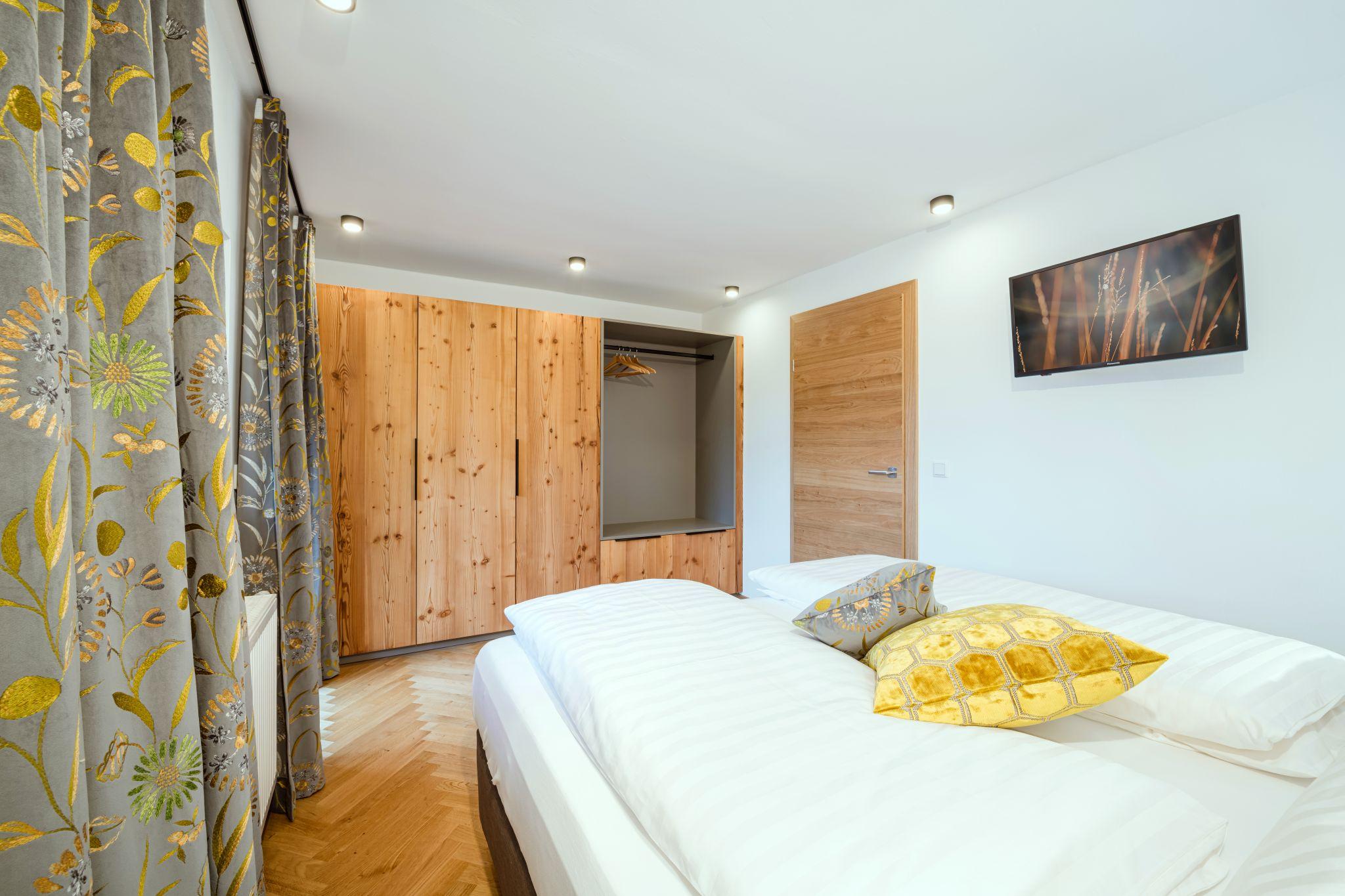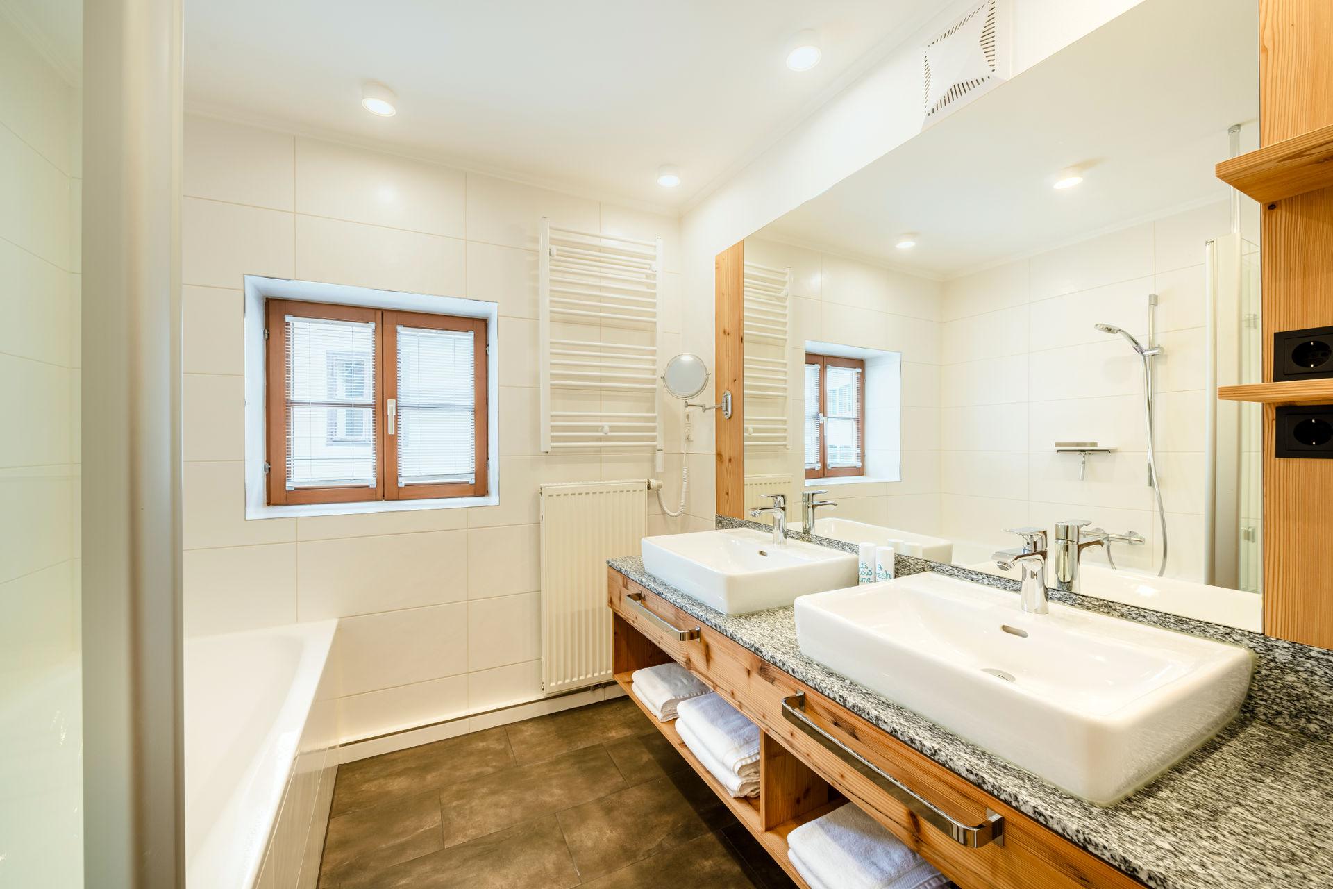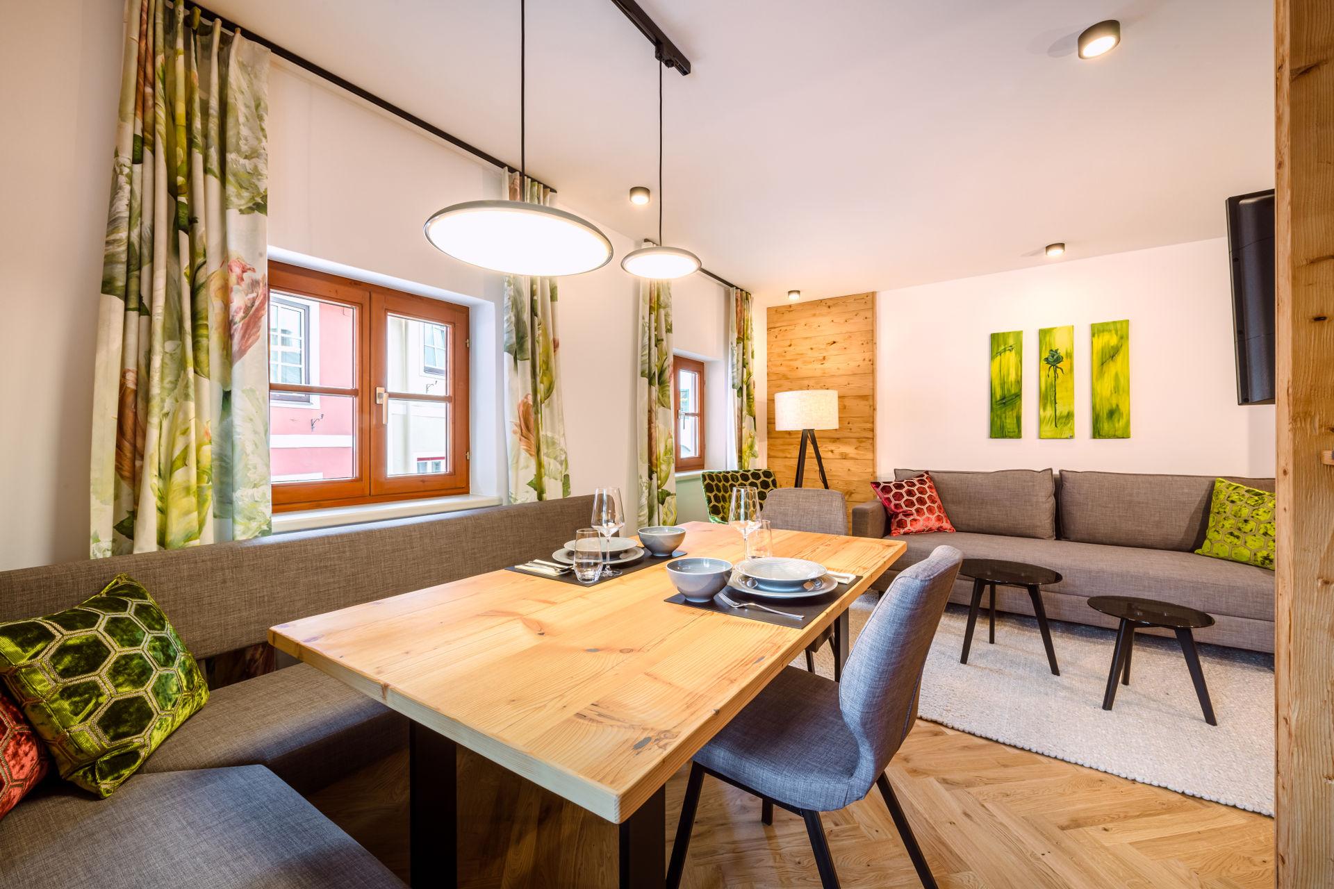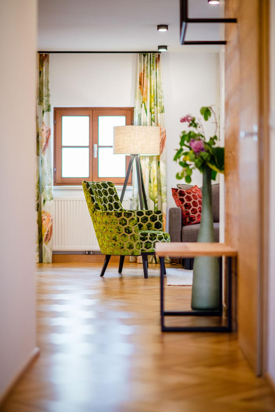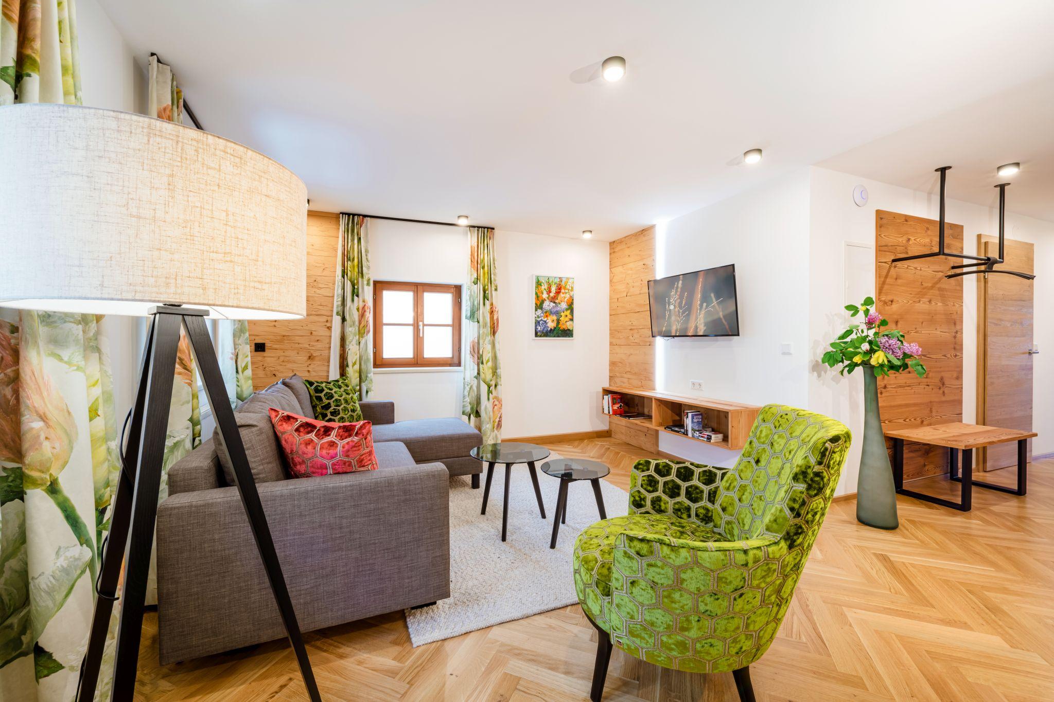Sie wohnen in einer charmanten Haushälfte im 1. Stock mit einem herrlichen Balkon mit Blick auf den historischen Kirchplatz und den Grimming. Die Verwendung von natürlichen Materialien und regionale Handwerkskünste verleihen dem Interieur eine behagliche Atmosphäre. Eine ansprechende Auswahl an edlen Stoffen, Farben und Mustern verbindet stilvolles Design mit komfortablem Wohnen. Der hochwertige Parkettboden und das moderne Beleuchtungskonzept runden das luxuriöse Ambiente ab. Ein besonderes Highlight ist die eigene Sauna aus heimischem Fichtenholz, die für eine entspannte Auszeit sorgt.
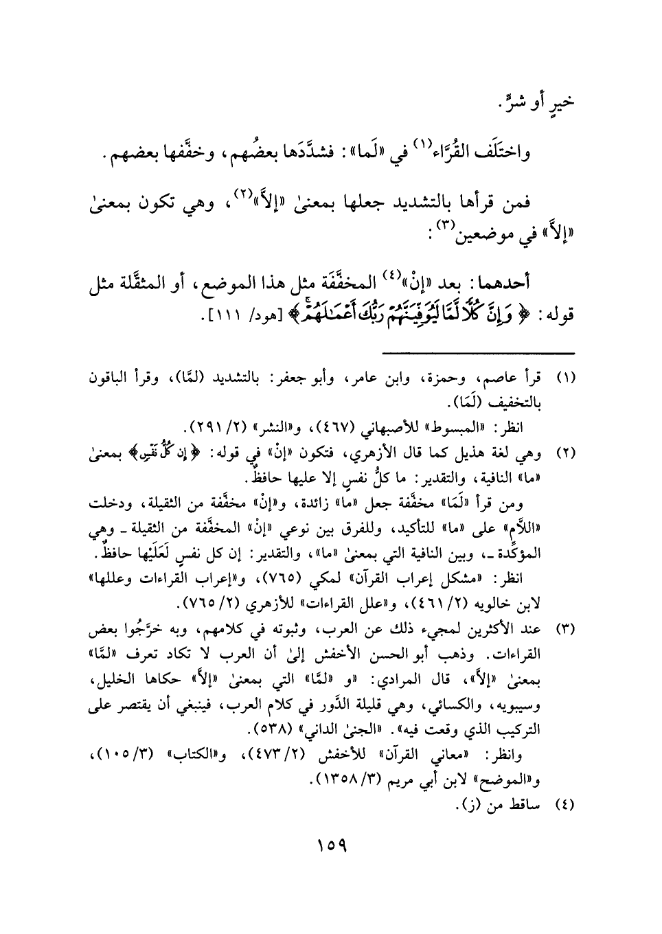 (¬٣) عند الأكثرين لمجيء ذلك عن العرب، وثبوته في كلامهم، وبه خرَّجُوا بعض القراءات. وذهب أبو الحسن الأخفش إلى أن العرب لا تكاد تعرف "لمَّا" بمعنى "إلَّا"، قال المرادي: "و"لمَّا" التي بمعنى "إلَّا" حكاها الخليل، وسيبويه، والكسائي، وهي قليلة الدَّور في كلام العرب، فينبغي أن يقتصر على التركيب الذي وقعت فيه". "الجنى الداني" (٥٣٨).
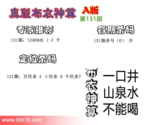 3d之家布衣图库之布衣神算图第2020131期详解:
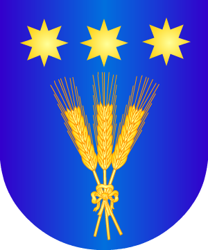 En campo de azur, unas espigas atadas, de oro; en jefe tres estrellas, de oro,
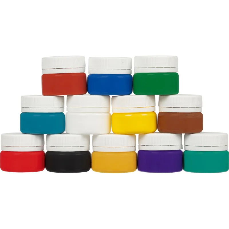 Состав набора: белила титановые, желтая, охра светлая, красная, английская красная, фиолетовая, сине-зеленая, синяя, изумрудно-зеленая, зеленая темная, коричневая, черная.
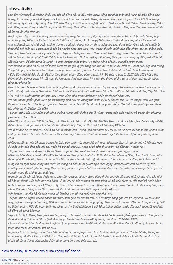 HU4 tiền lực khá, tài sản nhiều, quan hệ tốt, vấn đề là ở ăn chia , nếu cơ cấu ăn chia xòng phẳng, có anh Minh KTC vào ban KS đứng về phía cổ đông thì cũng giống L14, là một Game đáng mong đợi đấy, tiền và ts nhiều, chỉ ở vấn đề chia xòng phẳng thui
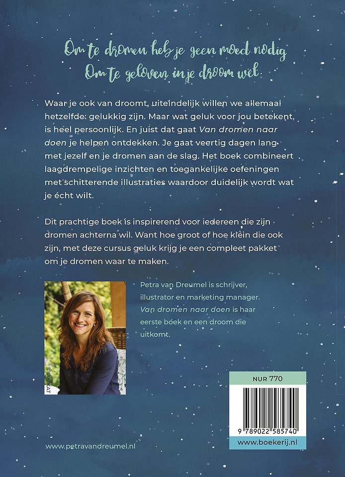Toen Petra van Dreumel zich ging bezighouden met haar eigen dromen, merkte ze hoe krachtig dit proces voor haar was: en misschien zou het anderen ook kunnen stimuleren! Ze stuurde daarom een aantal vriendinnen haar dagelijkse oefeningen door. Inmiddels zijn haar tips omgevormd tot een prachtig (cadeau)boek dat voor iedereen die zijn dromen achterna wil inspirerend is. Want hoe groot of hoe klein die ook zijn, Petra geeft je met deze cursus geluk een compleet pakket om je dromen waar te maken.

PROBLEM DESCRIPTION: Could you reproduce the records above exactly, leaving out the pictures?

WRITTEN REPLY:
Sie wohnen in einer charmanten Haushälfte im 1. Stock mit einem herrlichen Balkon mit Blick auf den historischen Kirchplatz und den Grimming. Die Verwendung von natürlichen Materialien und regionale Handwerkskünste verleihen dem Interieur eine behagliche Atmosphäre. Eine ansprechende Auswahl an edlen Stoffen, Farben und Mustern verbindet stilvolles Design mit komfortablem Wohnen. Der hochwertige Parkettboden und das moderne Beleuchtungskonzept runden das luxuriöse Ambiente ab. Ein besonderes Highlight ist die eigene Sauna aus heimischem Fichtenholz, die für eine entspannte Auszeit sorgt.
 (¬٣) عند الأكثرين لمجيء ذلك عن العرب، وثبوته في كلامهم، وبه خرَّجُوا بعض القراءات. وذهب أبو الحسن الأخفش إلى أن العرب لا تكاد تعرف "لمَّا" بمعنى "إلَّا"، قال المرادي: "و"لمَّا" التي بمعنى "إلَّا" حكاها الخليل، وسيبويه، والكسائي، وهي قليلة الدَّور في كلام العرب، فينبغي أن يقتصر على التركيب الذي وقعت فيه". "الجنى الداني" (٥٣٨).
 3d之家布衣图库之布衣神算图第2020131期详解:
 En campo de azur, unas espigas atadas, de oro; en jefe tres estrellas, de oro,
 Состав набора: белила титановые, желтая, охра светлая, красная, английская красная, фиолетовая, сине-зеленая, синяя, изумрудно-зеленая, зеленая темная, коричневая, черная.
 HU4 tiền lực khá, tài sản nhiều, quan hệ tốt, vấn đề là ở ăn chia , nếu cơ cấu ăn chia xòng phẳng, có anh Minh KTC vào ban KS đứng về phía cổ đông thì cũng giống L14, là một Game đáng mong đợi đấy, tiền và ts nhiều, chỉ ở vấn đề chia xòng phẳng thui
Toen Petra van Dreumel zich ging bezighouden met haar eigen dromen, merkte ze hoe krachtig dit proces voor haar was: en misschien zou het anderen ook kunnen stimuleren! Ze stuurde daarom een aantal vriendinnen haar dagelijkse oefeningen door. Inmiddels zijn haar tips omgevormd tot een prachtig (cadeau)boek dat voor iedereen die zijn dromen achterna wil inspirerend is. Want hoe groot of hoe klein die ook zijn, Petra geeft je met deze cursus geluk een compleet pakket om je dromen waar te maken.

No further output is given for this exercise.